Copy, exactly as written, the lines that begin at the one containing "Cizme de zăpadă" and end at the one containing "会上,院党总支书记徐川向南京". Skip any pictures in the data below.

# Supplied material
○ ○ ○
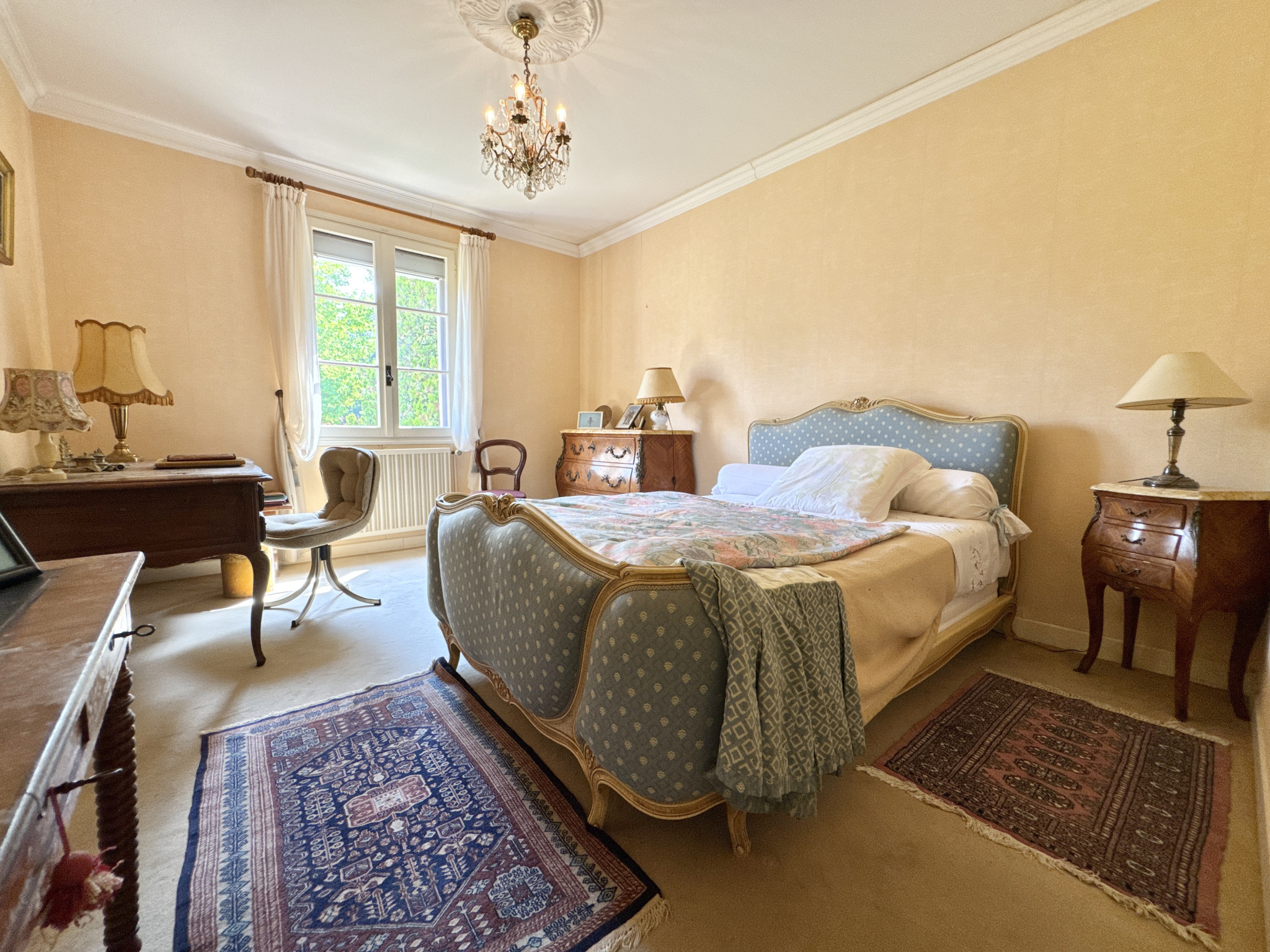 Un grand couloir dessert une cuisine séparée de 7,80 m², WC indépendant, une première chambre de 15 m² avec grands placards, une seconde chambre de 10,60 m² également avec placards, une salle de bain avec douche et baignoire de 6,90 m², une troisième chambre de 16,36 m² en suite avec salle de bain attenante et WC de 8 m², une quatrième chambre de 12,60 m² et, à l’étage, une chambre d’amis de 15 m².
○ ○ ○
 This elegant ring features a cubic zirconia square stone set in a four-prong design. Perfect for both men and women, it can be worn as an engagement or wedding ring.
○ ○ ○
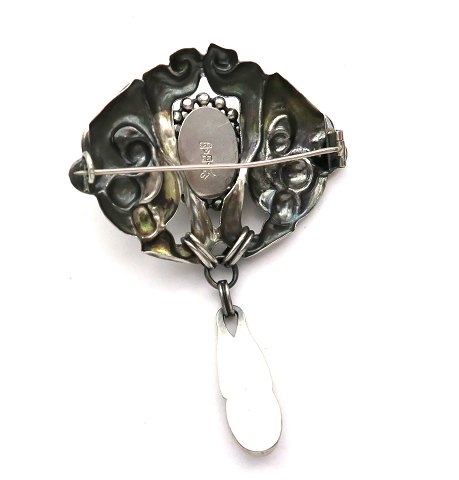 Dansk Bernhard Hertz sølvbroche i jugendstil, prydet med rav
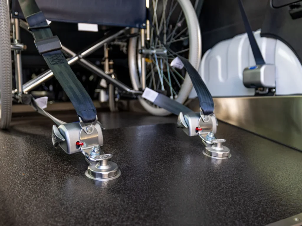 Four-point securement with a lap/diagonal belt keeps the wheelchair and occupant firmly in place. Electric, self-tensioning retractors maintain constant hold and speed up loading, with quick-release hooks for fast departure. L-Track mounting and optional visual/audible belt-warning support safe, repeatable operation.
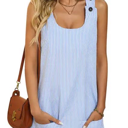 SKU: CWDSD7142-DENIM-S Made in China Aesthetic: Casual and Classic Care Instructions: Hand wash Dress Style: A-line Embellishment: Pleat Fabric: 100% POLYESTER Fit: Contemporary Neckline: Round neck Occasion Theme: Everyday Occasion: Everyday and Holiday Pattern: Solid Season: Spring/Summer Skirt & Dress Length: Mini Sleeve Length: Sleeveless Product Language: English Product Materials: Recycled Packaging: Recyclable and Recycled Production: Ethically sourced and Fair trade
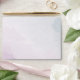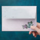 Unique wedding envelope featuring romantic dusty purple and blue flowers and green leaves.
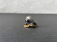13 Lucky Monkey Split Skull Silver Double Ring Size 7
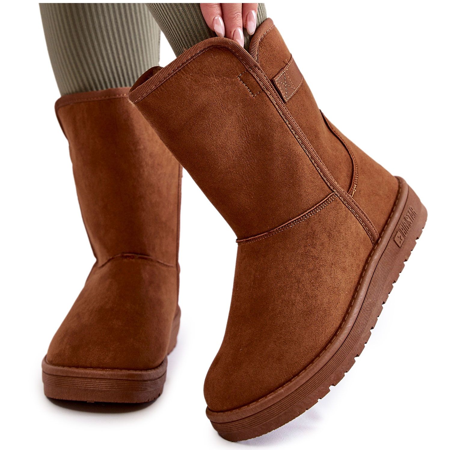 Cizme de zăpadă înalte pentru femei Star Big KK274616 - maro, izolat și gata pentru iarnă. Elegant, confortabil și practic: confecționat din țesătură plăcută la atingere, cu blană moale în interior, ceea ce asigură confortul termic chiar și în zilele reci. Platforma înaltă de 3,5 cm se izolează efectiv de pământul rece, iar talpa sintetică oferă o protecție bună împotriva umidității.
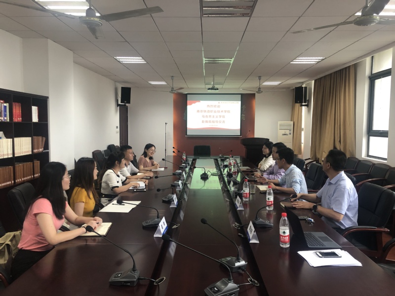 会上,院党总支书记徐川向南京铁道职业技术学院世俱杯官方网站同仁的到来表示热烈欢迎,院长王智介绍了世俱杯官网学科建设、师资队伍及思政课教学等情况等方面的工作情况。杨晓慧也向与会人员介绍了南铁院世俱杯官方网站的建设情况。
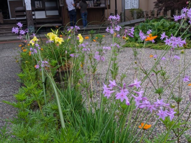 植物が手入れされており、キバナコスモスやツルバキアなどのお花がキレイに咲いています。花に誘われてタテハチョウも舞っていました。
○ ○ ○
# Answer to this task
 Cizme de zăpadă înalte pentru femei Star Big KK274616 - maro, izolat și gata pentru iarnă. Elegant, confortabil și practic: confecționat din țesătură plăcută la atingere, cu blană moale în interior, ceea ce asigură confortul termic chiar și în zilele reci. Platforma înaltă de 3,5 cm se izolează efectiv de pământul rece, iar talpa sintetică oferă o protecție bună împotriva umidității.
 会上,院党总支书记徐川向南京铁道职业技术学院世俱杯官方网站同仁的到来表示热烈欢迎,院长王智介绍了世俱杯官网学科建设、师资队伍及思政课教学等情况等方面的工作情况。杨晓慧也向与会人员介绍了南铁院世俱杯官方网站的建设情况。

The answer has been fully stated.